→ **WHAT TO DO**: What you output must match the entries exactly, apart from the pictures, which are left out.

====== DATA EXTRACTS

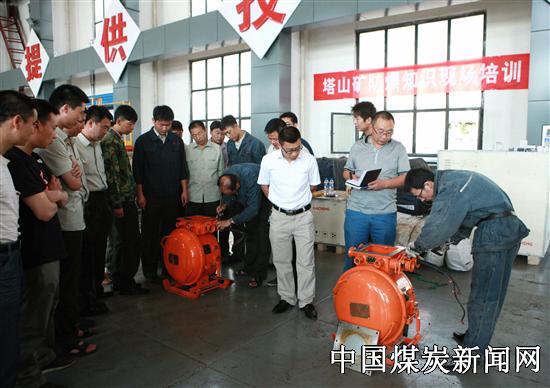 7月13日上午,塔山矿机电管理部举办防爆知识现场培训,来自该矿生产一、二线单位的90余名机电技术及管理人员参加了专题培训,该矿为了加强井下电气的安全管理工作,强化机电技术人员的技能水平,从根本上消灭井下电气失爆现象,杜绝在生产中发生各类电气事故,有利于保证矿井安全生产顺利进行。图为:培训现场机电技术及管理人员认真学习操作过程。
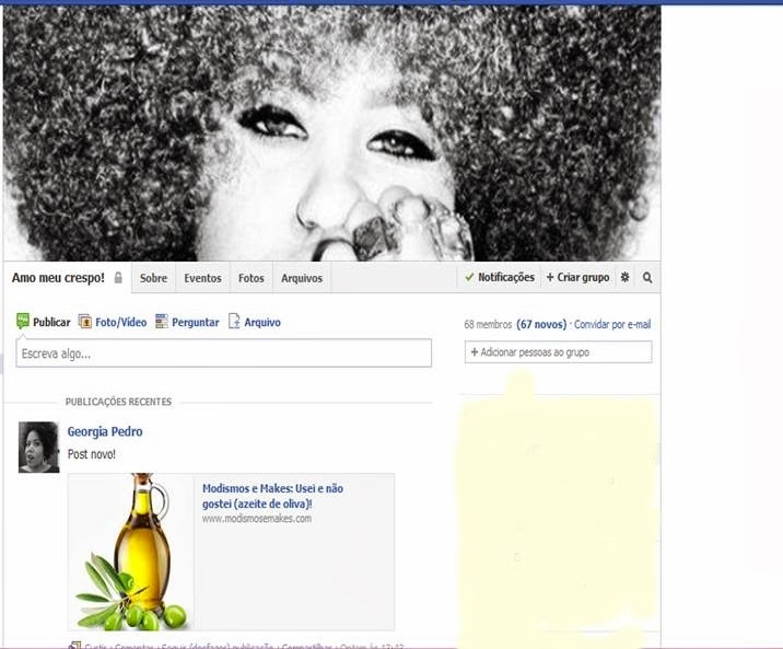 Vim convidar vocês que se interessam pelo assunto "Cabelos Crespos e Cacheados", a participarem do grupo "Amo meu crespo" lá no Facebook. O grupo é novo e eu gostaria que você que acessa o blog se inscreva e faça parte do grupo.
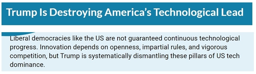 文章稱,研究機構、人才、資金等一直是支撐美國創(chuàng)新發(fā)展的重要支柱,而美國現(xiàn)政府正在系統(tǒng)性地拆除這些支柱,斷送自己的科技領先地位。
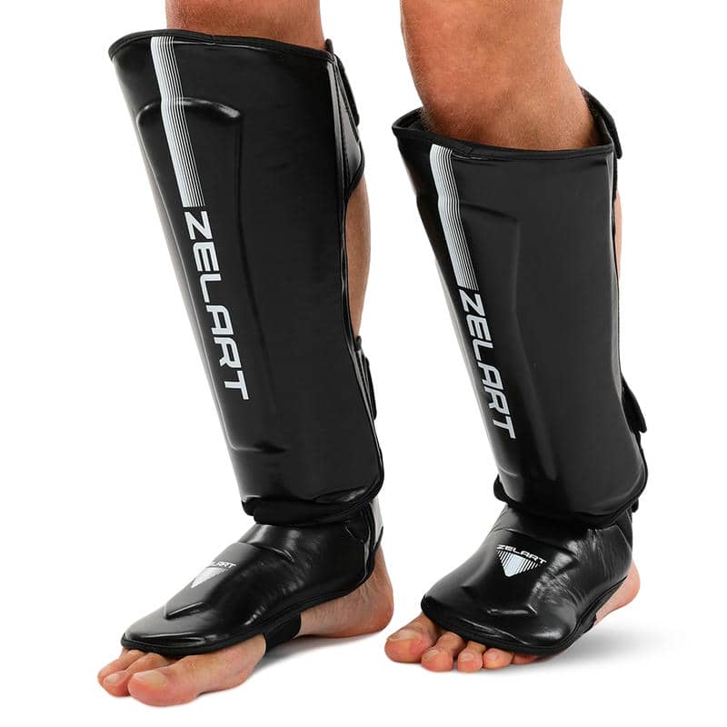 Захист гомілки та стопи для єдиноборств Zelart XL, чорний-синій, код: BO-3981_XLBK
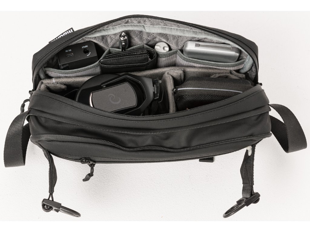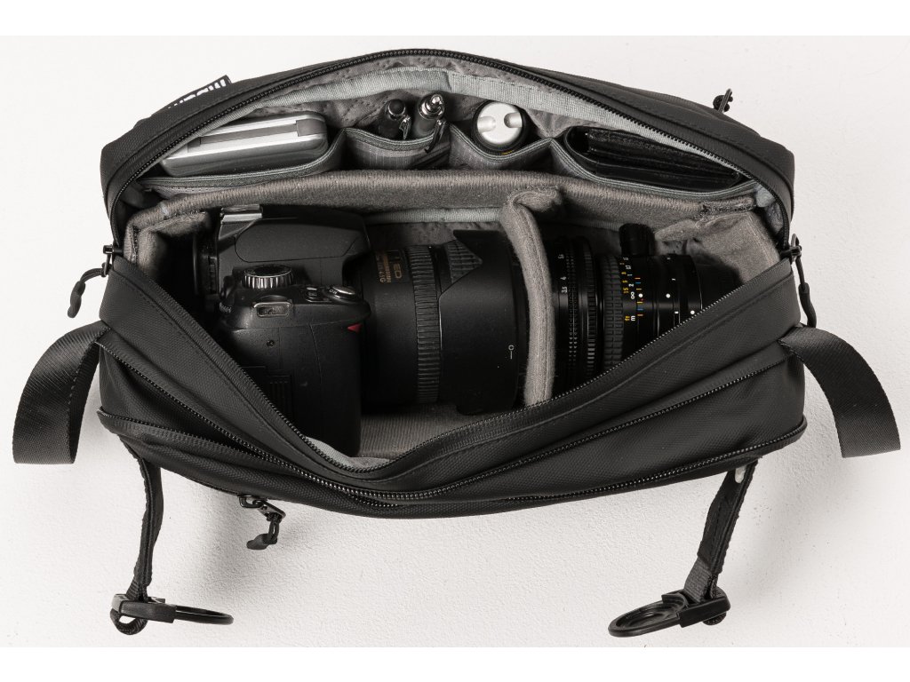 Ta praktyczna torba pomieści niezbędne rzeczy, takie jak słuchawki, dyski USB, powerbanki, aparaty fotograficzne i rzeczy osobiste, a to dzięki sprytnemu wewnętrznemu rozmieszczeniu z kilkoma przegródkami, dwiema zewnętrznymi kieszeniami dla szybkiego dostępu i wyściełanymi, odpinanymi przegródkami dla możliwości dostosowania ochrony. Rozszerzana komora główna zapewnia dodatkową przestrzeń w razie potrzeby, a ukryta kieszeń na butelkę z wodą i dwa regulowane paski umożliwiają przymocowanie statywu, kurtki lub innego sprzętu w podróży.
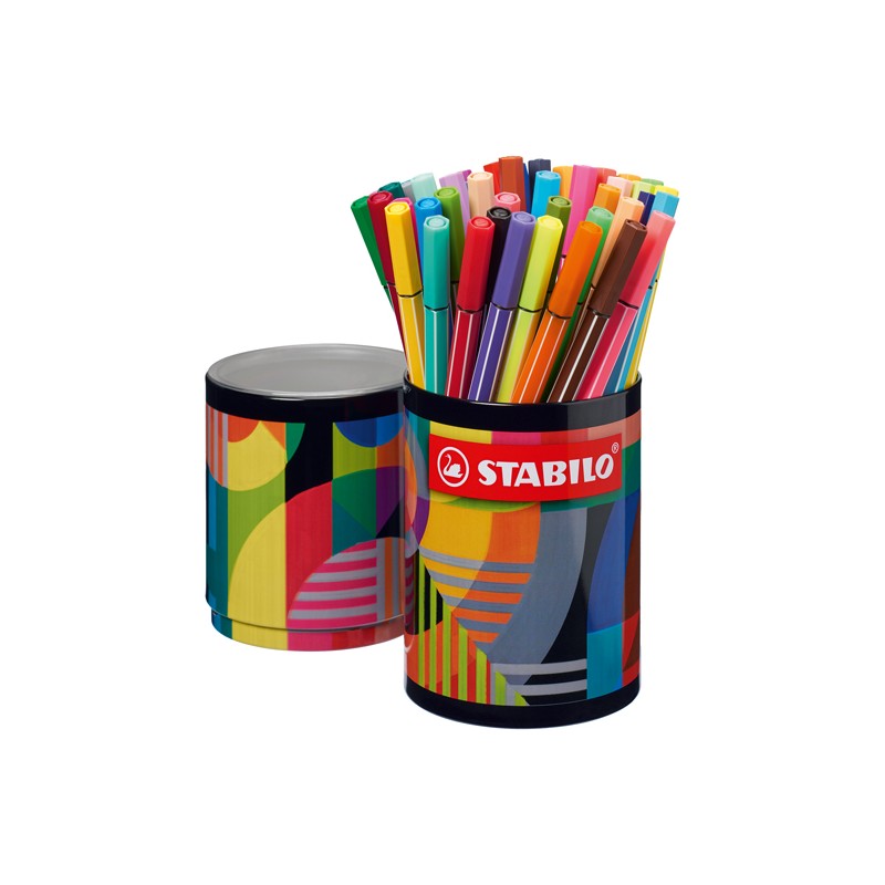 Barattolo in metallo Arty con 45 pennarelli Pen 68 in colori assortiti.
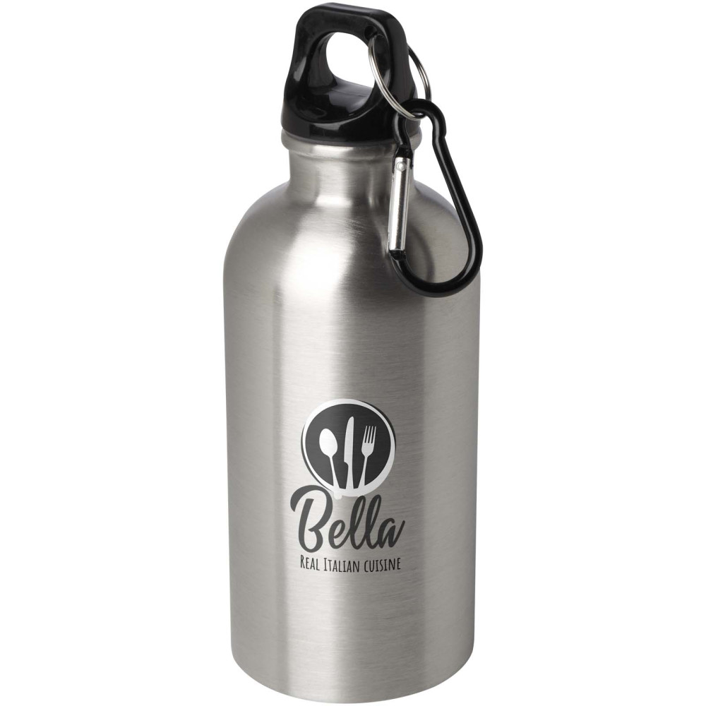 Oregon RCS certificeret vandflaske på 400 ml i rustfrit stål med enkelt væg og karabinhage Kontakt os for pris Firmalogo kan tilføjes på dette produkt Vær altid hydreret med denne holdbare men lette vandflaske på 400 ml fremstillet af genanvendt RCS certificeret rustfrit stål. Den perfekte følgesvend til sport, dagture eller til brug på kontoret. Denne Oregon flaske med enkelt væg har drejelåg og byder på masser af plads til alle slags logoer. Fastgør karabinhagen (ikke egnet til klatring) sikkert til en pose for at undgå at miste den. Farver Hvid Gul Rød Orange Lilla Magenta Sky blå Kongeblå Hale blå Æblegrøn Sølv Ensfarvet sort Søger du reklameartikler og profiltøj? Kontakt vores team i dag, og lad os hjælpe dig med den rigtige løsning til din virksomhed 70 260 760 Kontakt os 70 260 760 Kontakt os

============

→ **WRITTEN REPLY**:
 7月13日上午,塔山矿机电管理部举办防爆知识现场培训,来自该矿生产一、二线单位的90余名机电技术及管理人员参加了专题培训,该矿为了加强井下电气的安全管理工作,强化机电技术人员的技能水平,从根本上消灭井下电气失爆现象,杜绝在生产中发生各类电气事故,有利于保证矿井安全生产顺利进行。图为:培训现场机电技术及管理人员认真学习操作过程。
 Vim convidar vocês que se interessam pelo assunto "Cabelos Crespos e Cacheados", a participarem do grupo "Amo meu crespo" lá no Facebook. O grupo é novo e eu gostaria que você que acessa o blog se inscreva e faça parte do grupo.
 文章稱,研究機構、人才、資金等一直是支撐美國創(chuàng)新發(fā)展的重要支柱,而美國現(xiàn)政府正在系統(tǒng)性地拆除這些支柱,斷送自己的科技領先地位。
 Захист гомілки та стопи для єдиноборств Zelart XL, чорний-синій, код: BO-3981_XLBK
 Ta praktyczna torba pomieści niezbędne rzeczy, takie jak słuchawki, dyski USB, powerbanki, aparaty fotograficzne i rzeczy osobiste, a to dzięki sprytnemu wewnętrznemu rozmieszczeniu z kilkoma przegródkami, dwiema zewnętrznymi kieszeniami dla szybkiego dostępu i wyściełanymi, odpinanymi przegródkami dla możliwości dostosowania ochrony. Rozszerzana komora główna zapewnia dodatkową przestrzeń w razie potrzeby, a ukryta kieszeń na butelkę z wodą i dwa regulowane paski umożliwiają przymocowanie statywu, kurtki lub innego sprzętu w podróży.
 Barattolo in metallo Arty con 45 pennarelli Pen 68 in colori assortiti.
 Oregon RCS certificeret vandflaske på 400 ml i rustfrit stål med enkelt væg og karabinhage Kontakt os for pris Firmalogo kan tilføjes på dette produkt Vær altid hydreret med denne holdbare men lette vandflaske på 400 ml fremstillet af genanvendt RCS certificeret rustfrit stål. Den perfekte følgesvend til sport, dagture eller til brug på kontoret. Denne Oregon flaske med enkelt væg har drejelåg og byder på masser af plads til alle slags logoer. Fastgør karabinhagen (ikke egnet til klatring) sikkert til en pose for at undgå at miste den. Farver Hvid Gul Rød Orange Lilla Magenta Sky blå Kongeblå Hale blå Æblegrøn Sølv Ensfarvet sort Søger du reklameartikler og profiltøj? Kontakt vores team i dag, og lad os hjælpe dig med den rigtige løsning til din virksomhed 70 260 760 Kontakt os 70 260 760 Kontakt os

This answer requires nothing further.